Hill Head has a substantial elderly population – 33.2% of its 7,100 residents are over 65, compared to an English average of 18.4%. At the 2021 Census the ward population had fallen slightly to 7,100.

==History==
During World War II, Hill Head was one of many loading zones for the D-Day invasions and the area was inundated with allied troops. Along the coast here there are still many reminders of the war time activities including remnants of fortifications. Part of a Mulberry harbour broke away and was grounded at Hill Head beach. It remained there for many years. Seafield Park, a Royal Navy establishment was nearby.

The Swordfish public house at Hill Head was demolished in 2004 to make way for a small development of beach-front homes known as Swordfish Close. The name Swordfish is derived from the World War Two bomber the Fairey Swordfish which flew from the nearby airfield at RNAS Lee-on-Solent (HMS Daedalus). Swordfish Close has been featured in the BBC television series Seaside Rescue. The pub was previously called the Marine Court Hotel.

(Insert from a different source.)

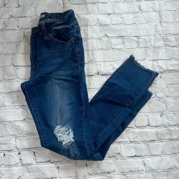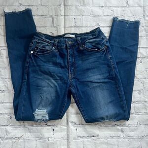 Great preowned condition KanCan skinny jeans. High waisted. Fringed ankle. Manufacturer holes. Women’s 9/28 Smoking free home

For many years the only remaining pub along Hill Head beach-front was the Osborne View, so named as Osborne House (residential home of Queen Victoria) was visible on a clear day. It burnt down in a fire that started at 2.30am on 22 February 2024. Built in the Victorian era and constructed down the cliff over four floors, the Osborne View was a hotel until 1971; regulars included football player and manager Alf Ramsey. In March 2025, permission was granted to demolish and rebuild the pub following an application by Hall and Woodhouse.

Between 1985 and 1990, Hill Head's beaches appeared in the BBC TV show Howards' Way, which was mostly filmed at nearby Bursledon, Hamble-le-Rice, Warsash and Swanwick.

==Transport==
Bus services to and from Hill Head are provided by First, with a half-hourly circular service to and from Fareham.

==Amenities==
The area has a convenience store with a post office, a lighting shop, a door and windows shop, two hairdressers, a Chinese takeaway and a prep school.